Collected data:
= = = = = = =
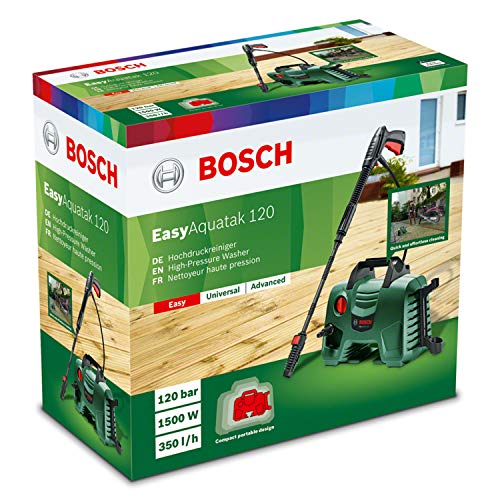 - Lieferumfang: EasyAquatak 120, Hochdruckpistole, 5 m Schlauch, Roto-Punkt-Düse, Hochdruck-Schaumdüse, Flachstrahl-Düse, transparenter Wasserfilter, Karton (3165140935630)
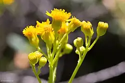 Packera clevelandii is an uncommon species of flowering plant in the aster family known by the common name Cleveland's ragwort. It is endemic to California, where it is known from only two small regions, a section of the North Coast Ranges around Napa County and a part of the Sierra Nevada foothills on the opposite side of the Sacramento Valley. The plant grows in shrubby chaparral on serpentine soils.[1]
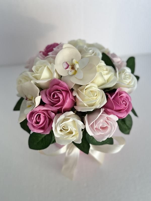 Букети з мильної піни чудові своєю довговічністю (не в'януть роками), естетичністю (виглядають як живі), мають приємний аромат, не потребують догляду, не збирають пил і можуть використовуватися для створення піни у ванній. Такий букет сподобається кожній жінці❤️
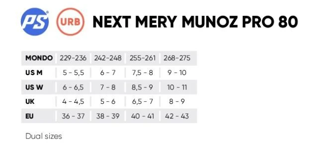 Make the city your playground with the Next Mery Munoz 80 pro model urban freeride skate from Powerslide. Just like Mery, this impressive pro model skate lets you ride stairs, jump big, slide far and fast, and explore whatâs possible on inline skatesâjust like Mery. The Next Mery Munoz 80 comes with a rigid and durable hard boot shell and a height-adjustable cuff so you can personalize your setup to suit your personal skating style. No two people are the same, and the Next allows skaters to adjust their skateâs flex, support, and comfort level so you can have confidence knowing youâre always skating at your optimum level. Complete with the famous TRINITY 3-point mounting system, the wheels are brought as close to the boot as possible, giving you a low center of gravity, better stability, and improved control. The POWERSLIDE Next Mery Munoz Pro 80 inline skate is a fun, fast, and customizable urban freeride skate perfect for cruising and exploring the city.
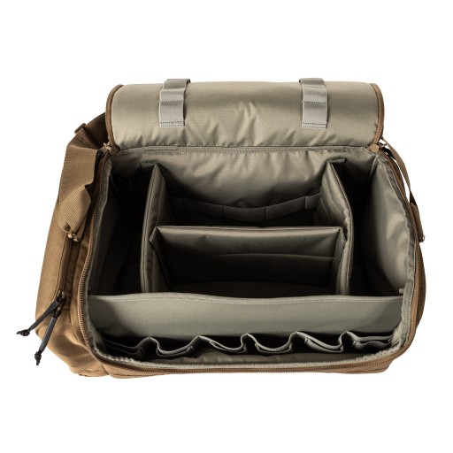 У тренувальній сумці Range Ready є місце для всього, що вам потрібно протягом дня на стрільбищі. Повністю м’яка поліетиленова основа для безпечного зберігання вашого спорядження та знімні перегородки для адаптації сумки до ваших потреб. Внутрішня гнучка панель для зберігання та аксесуарів із швидким доступом, а також еластичні петлі під кришкою забезпечують комфорт, і це лише основне відділення. Три бічні відділення та ремені MOLLE дозволяють взяти ще більше.
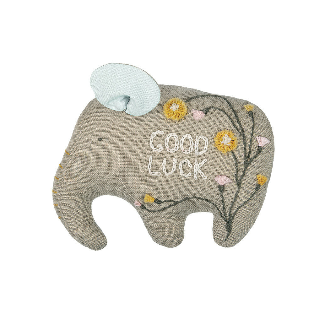 Игрушка-слоник из натурального льна с вышивкой станет отличным украшением интерьера.
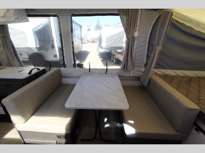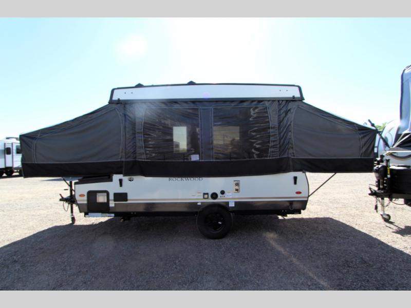 This Rockwood Freedom Series folding pop-up camper is going to let you camp in freedom! You will be able to use the outdoor griddle to cook up some delicious food, and the 9' awning with an LED light will keep you protected while you work. You will also find that the booth dinette will be useful for both meal time and bed time when the two tent end beds aren't enough space, and the storage lid under the front bed provides storage for luggage, blankets, and more!
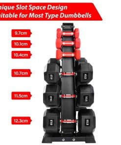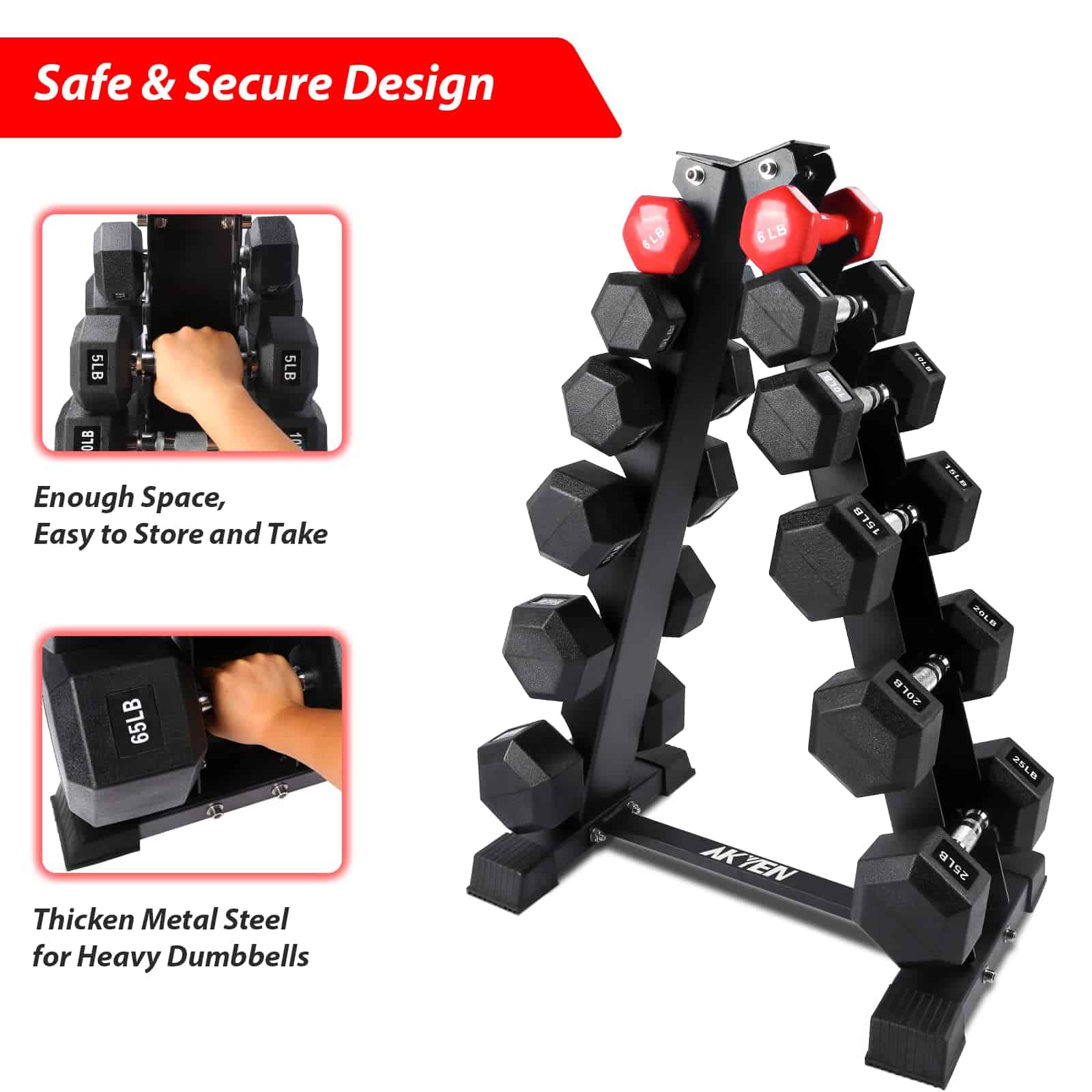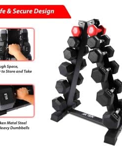 El soporte para pesas AKYEN es la solución perfecta para mantener tu área de entrenamiento organizada y segura. Construido con tubos de acero de alta calidad y un recubrimiento en polvo negro, este soporte es muy duradero y fiable, sin riesgo de que se agriete o tambalee. El diseño en forma de A ocupa menos espacio y almacena más mancuernas, lo que te permite acceder y almacenar fácilmente tus pesas. Las cubiertas de goma evitan daños en tus mancuernas, y las tapas de goma de los pies protegen tus suelos. Con un soporte estable y resistente, un ambiente de entrenamiento seguro y cómodo, y un diseño compacto y ahorrador de espacio, el soporte para pesas AKYEN es la elección perfecta para gimnasios, hogares y oficinas.
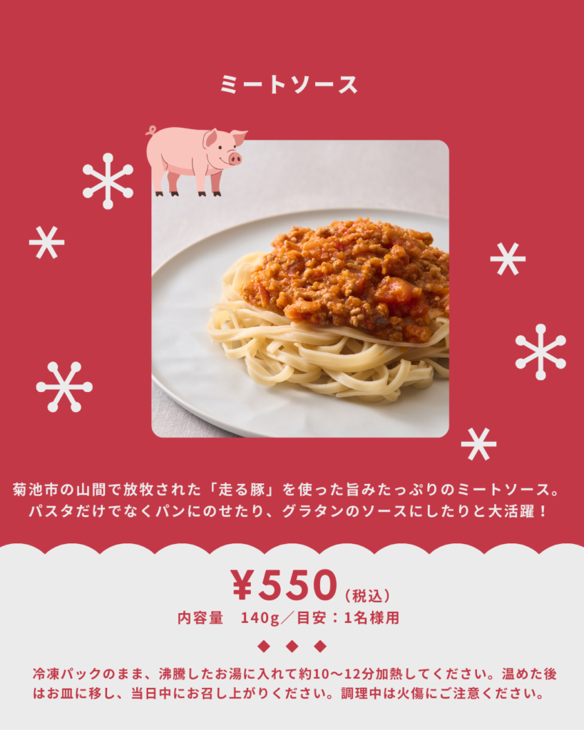 菊池市の山間で放牧された「走る豚」を使った旨みたっぷりのミートソース。冷凍保存で常備にも便利✨
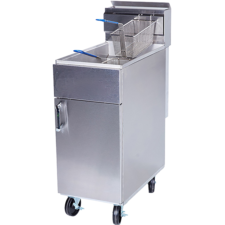 3-burner 50-lb capacity gas fryer delivering 114,000 BTU, featuring a 14″x14″ frying area, thermostatic control (200–400°F), stainless steel tank, 2 fry baskets, and a 1 1/4″ drain valve for easy cleaning.
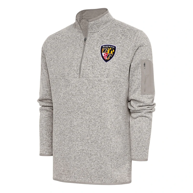 Men's Antigua Oatmeal Baltimore Ravens Throwback Fortune Quarter-Zip Pullover Jacket
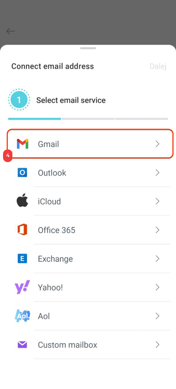4. Wybierz usługę pocztową, którą chcesz podłączyć.
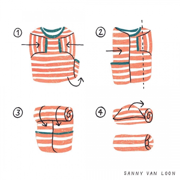 把衣服好像「捲壽司」一樣,先將衣服對摺,再由衣領捲至衣尾捲起來,這樣可以節省更多的空間,盡量捲得紮實一點,這招再搭配收納袋分裝,東西不但更好找,收納空間也就更多啦。
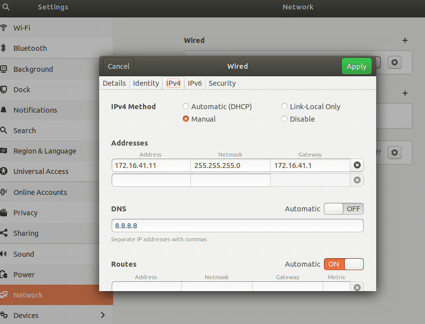 There are numerous ways to configure the IP information for a computer. They all differ according to the operating system. Generally, somewhere in the settings of your OS should be the network options. Set the IPv4 interface to manual (not automatic or DHCP) and enter the correct numbers for each. Below I’ve configured an Ubuntu Linux machine for the network we’re creating in this post.
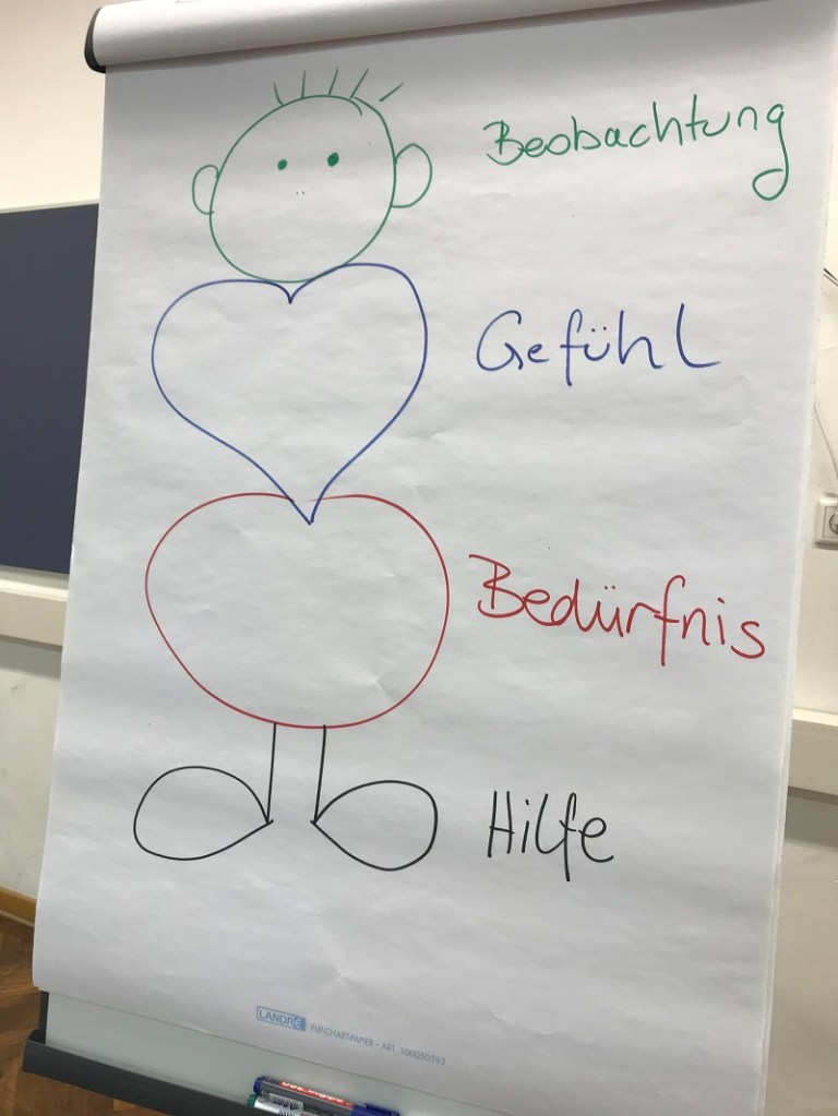 In spielerischer Form wurden Beobachtungen gemacht, dahinterliegende Gefühle analysiert, die zugrunde liegenden Bedürfnisse erforscht und mögliche Hilfestellungen angeboten. Die Aktivitäten umfassten Gesprächsrunden, Partnerarbeiten, die Vorbereitung und Darbietung von Mini-Sketches, das Zuhören von Geschichten, die Analyse unterschiedlicher Sprechstile, verschiedene Auflockerungsspiele und eine gemeinsame Jause.
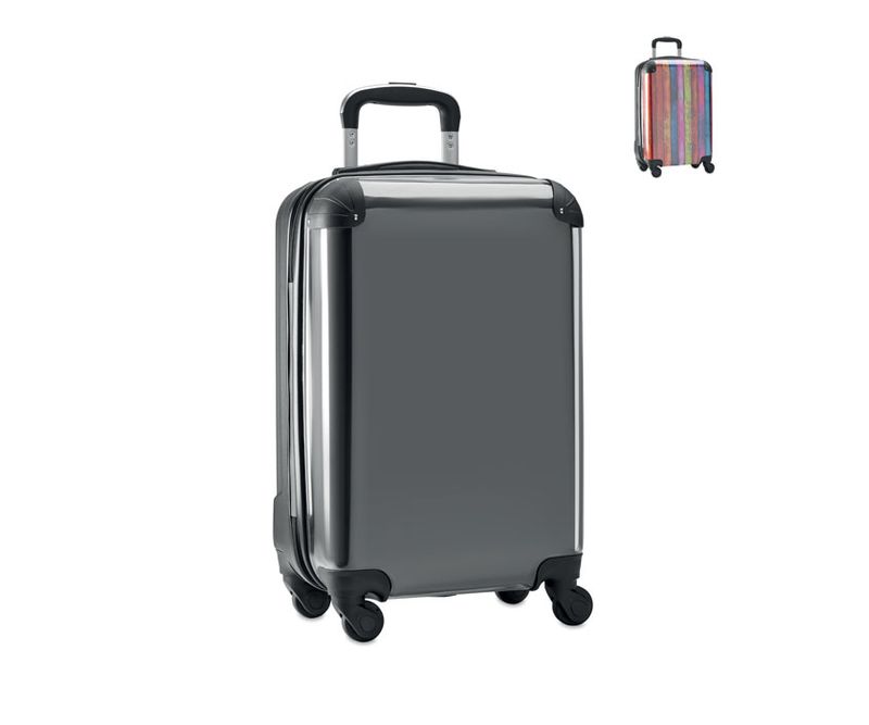 Trolley din PC si ABS cu insert foto pentru print. Are un compartiment superior cu fermoar si un compartiment inferior cu panglici. Include o incuietoare cu combinatie si cadru cu tub dublu.
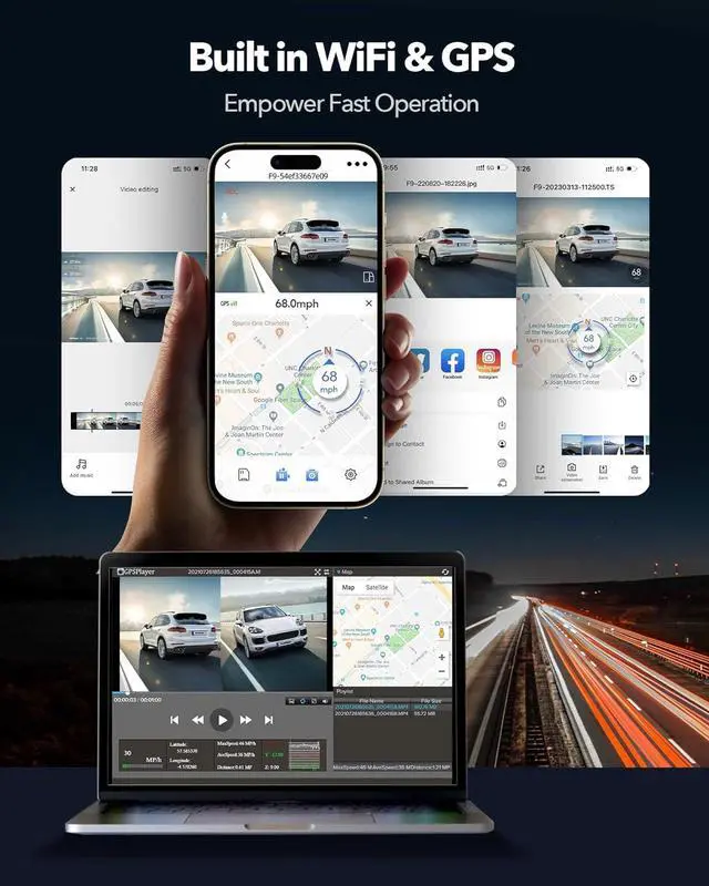 [Smart APP Control and WIFI GPS] For real-time video, recorded video playback and GPS information, connect to the app with the built-in WiFi (Within five meters). Instead of using buttons, you can effortlessly control the dash camera with the app.
= = = = = = =
Work instruction:
Repeat exactly the lines above, from the line that contains "Men's Antigua Oatmeal" down through the line that contains "Trolley din PC". Include both of those lines and none of the pictures.

Answer below:
 Men's Antigua Oatmeal Baltimore Ravens Throwback Fortune Quarter-Zip Pullover Jacket
4. Wybierz usługę pocztową, którą chcesz podłączyć.
 把衣服好像「捲壽司」一樣,先將衣服對摺,再由衣領捲至衣尾捲起來,這樣可以節省更多的空間,盡量捲得紮實一點,這招再搭配收納袋分裝,東西不但更好找,收納空間也就更多啦。
 There are numerous ways to configure the IP information for a computer. They all differ according to the operating system. Generally, somewhere in the settings of your OS should be the network options. Set the IPv4 interface to manual (not automatic or DHCP) and enter the correct numbers for each. Below I’ve configured an Ubuntu Linux machine for the network we’re creating in this post.
 In spielerischer Form wurden Beobachtungen gemacht, dahinterliegende Gefühle analysiert, die zugrunde liegenden Bedürfnisse erforscht und mögliche Hilfestellungen angeboten. Die Aktivitäten umfassten Gesprächsrunden, Partnerarbeiten, die Vorbereitung und Darbietung von Mini-Sketches, das Zuhören von Geschichten, die Analyse unterschiedlicher Sprechstile, verschiedene Auflockerungsspiele und eine gemeinsame Jause.
 Trolley din PC si ABS cu insert foto pentru print. Are un compartiment superior cu fermoar si un compartiment inferior cu panglici. Include o incuietoare cu combinatie si cadru cu tub dublu.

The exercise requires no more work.